OPAC Performance Improves

Submitted by palniadmin on Wed, 02/08/2006 - 11:48am.

Ex Libris recently profiled the PALNI system for OPAC performance bottlenecks, and found an Aleph V.17 problem that explains some of the slowness we've been seeing. Around January 26, they installed a temporary fix for the problem, and we have seen some improvement on our test keyword search. The test search is a simple, 2-word Boolean search that we've been running regularly over the past two years to monitor performance of the PALNI OPAC.

Since this fix was installed, average response time on our test search has improved significantly from over 5 seconds (between 1/16 and 1/22) to around 2.3 seconds (between 1/30 and 2/5). However, this is still about two times slower than we were seeing on the same search before our upgrade to Aleph V. 17.

Also, we've written software to extract actual response times from our web server log files for all OPAC keyword searches. That data shows that, between February 1 and today, Feb 8, average response time across all keyword searches against the PALNI OPAC was 4.6 secs. About 60% of keyword searches took less than 3 seconds, but more than 25% took more than 6 seconds.

We continue to have an open problem on this issue with Ex Libris. Following is the lastest PALNI OPAC performance update that we sent to Ex Libris on Feb. 8.

2/16/2006

We gave both good and bad news to report on PALNI's OPAC response time problems:

  1. Following the change to the OPAC software that Ex Libris installed sometime around 1/26, response time on our keyword test search (a 2-word Boolean search that we've been running regularly over the past couple of years to track OPAC performance) improved significantly.

    For example, before the change, for the 7 days from 1/16 through 1/22, average response time on this test search was 5.25 secs, with a peak of 22.34 secs and a minimum of 2.23 secs. After the change, for the 7 days from 1/30 through 2/5, ave response time on the same search dropped to 2.34 secs, with a peak of 7.07 secs and a minimum of 1.56 secs.

    So, response time has definitely improved as a result of the fix.
  2. However, response time on our test/benchmark search is still signficantly slower that we were seeing with Aleph V. 15.

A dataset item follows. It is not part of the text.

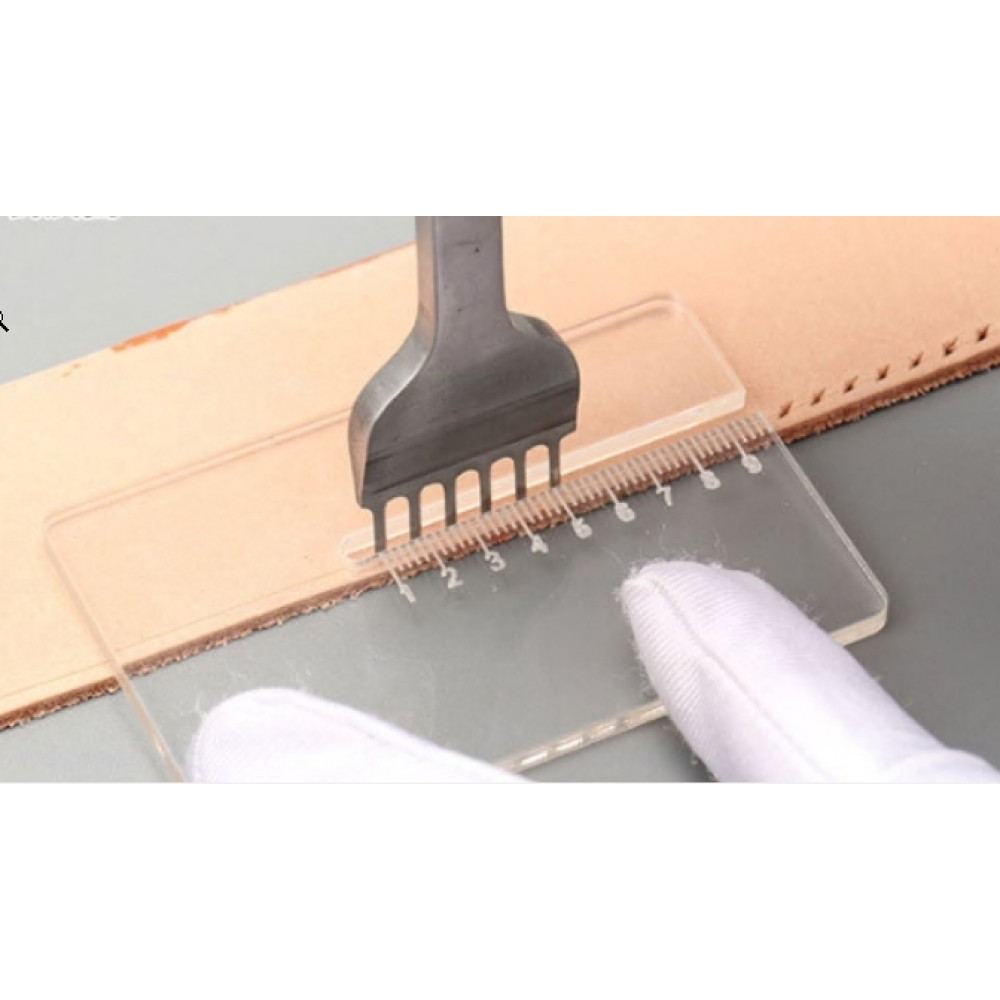 Ограничительная планка для строчных пробойников - вспомогательный инструмент, позволяющий держать пробойник строго вертикально (перпендикулярно поверхности кожи) во время удара. Особенно такая планка будет полезна новичкам, у которых инструмент зачастую ломается из-за неправильной установки.

    For example, a year ago with V. 15, for the 7 days from 1/30/2005 to 2/5/2005, ave response time on the same search was 1.27 secs, with a peak of 4.93 secs, and a minimum of 0.86 secs.

    So, on our test search, response times are still about two times slower with V. 17 compared to V. 15, even after the recent fix.
  3. We've also extracted web server response times for all keyword searches from our Apache log file. Since February 1, average response time for all keyword searches has been 4.60 secs. 27% of our keyword searches took more than 6 secs, and 17% took more than 10 secs.

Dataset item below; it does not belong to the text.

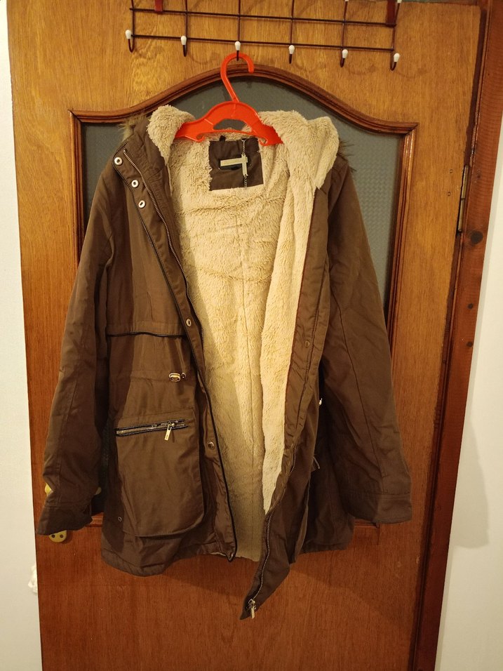 Kahverengi, kürklü iç astarlı, uzun kollu ve normal boy midi kadın ceket. Rahat kesimi ve kürklü detaylarıyla sokak stiline uygun, sıcak tutan bir modeldir.

In summary, after the recent fix, performance on our standard comparison search improved significantly. We appreciate your work to identify and fix this OPAC problem.

However, it it is still about 2 times slower than we were seeing with Aleph V. 15. Also, ave response times for all keyword searches logged by Apache are between 4 and 5 seconds, and PALNI libraries are still reporting that the system seems slower than they were seeing with Aleph V. 15.